Restate the listing below word for word; no picture is to be carried over.

Dataset section:
────────────────────
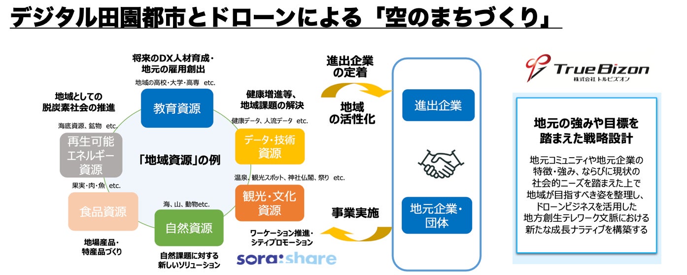 トルビズオンはソラシェアにより、ドローンが飛ぶ地点を3次元のドメイン(住所)で管理し、「地権者合意」をつなぎ合わせることで、ドローン配送用の空の道をつくるプロジェクト「Sky:Road」を提供しています。この事業活動を通して、2022年国が主導しているデジタル田園都市構想におけるドローン空路整備に不可欠な、空域のデジタルツインを構築することをミッションにしています。
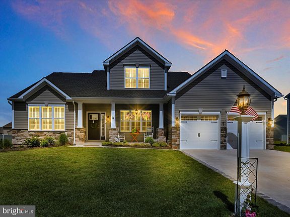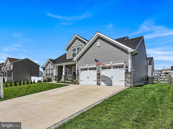 This Nantucket model spans over 2,500 square feet, built in 2020 and brimming with numerous upgrades, beginning with the accentuated stone columns adorning the front façade. Step into the two-story open foyer, welcoming you with its spacious layout. To the right, upgraded French doors beckon you into a versatile sitting area, ideal for an office or formal dining room. Continuing beyond, you'll find a sizable breakfast area adjoining the well-appointed kitchen. Enhanced with a 4” granite backsplash, 36” wall cabinets, and base cabinets, the kitchen also features a central island with an overhang, perfect for both cooking and entertaining guests. The kitchen leads to a fenced backyard with a spacious covered back patio, complete with a built-in firepit, providing an excellent space for gatherings. Delight in the great room's vaulted ceilings and gas fireplace, creating a warm and inviting atmosphere. The primary bedroom, located on the main floor, offers vaulted ceilings, a walk-in closet, and a spacious primary bathroom. Head upstairs to discover a balcony overlooking the great room, along with 3 additional generously sized bedrooms, ample closet space, and a full bathroom. This home also features natural gas heating, an active radon system, a sizable unfinished basement with an egress window awaiting your personal touches, large shed, and a two-car garage.
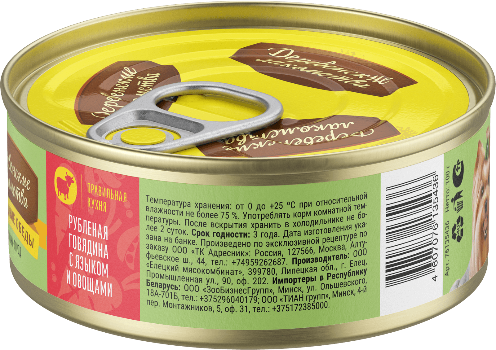 Состав: говядина, язык говяжий, субпродукты мясные, морковь, зелёный горошек, растительное масло, желирующая добавка, соль, вода.
────────────────────
Output of the exercise:
 トルビズオンはソラシェアにより、ドローンが飛ぶ地点を3次元のドメイン(住所)で管理し、「地権者合意」をつなぎ合わせることで、ドローン配送用の空の道をつくるプロジェクト「Sky:Road」を提供しています。この事業活動を通して、2022年国が主導しているデジタル田園都市構想におけるドローン空路整備に不可欠な、空域のデジタルツインを構築することをミッションにしています。
 This Nantucket model spans over 2,500 square feet, built in 2020 and brimming with numerous upgrades, beginning with the accentuated stone columns adorning the front façade. Step into the two-story open foyer, welcoming you with its spacious layout. To the right, upgraded French doors beckon you into a versatile sitting area, ideal for an office or formal dining room. Continuing beyond, you'll find a sizable breakfast area adjoining the well-appointed kitchen. Enhanced with a 4” granite backsplash, 36” wall cabinets, and base cabinets, the kitchen also features a central island with an overhang, perfect for both cooking and entertaining guests. The kitchen leads to a fenced backyard with a spacious covered back patio, complete with a built-in firepit, providing an excellent space for gatherings. Delight in the great room's vaulted ceilings and gas fireplace, creating a warm and inviting atmosphere. The primary bedroom, located on the main floor, offers vaulted ceilings, a walk-in closet, and a spacious primary bathroom. Head upstairs to discover a balcony overlooking the great room, along with 3 additional generously sized bedrooms, ample closet space, and a full bathroom. This home also features natural gas heating, an active radon system, a sizable unfinished basement with an egress window awaiting your personal touches, large shed, and a two-car garage.
 Состав: говядина, язык говяжий, субпродукты мясные, морковь, зелёный горошек, растительное масло, желирующая добавка, соль, вода.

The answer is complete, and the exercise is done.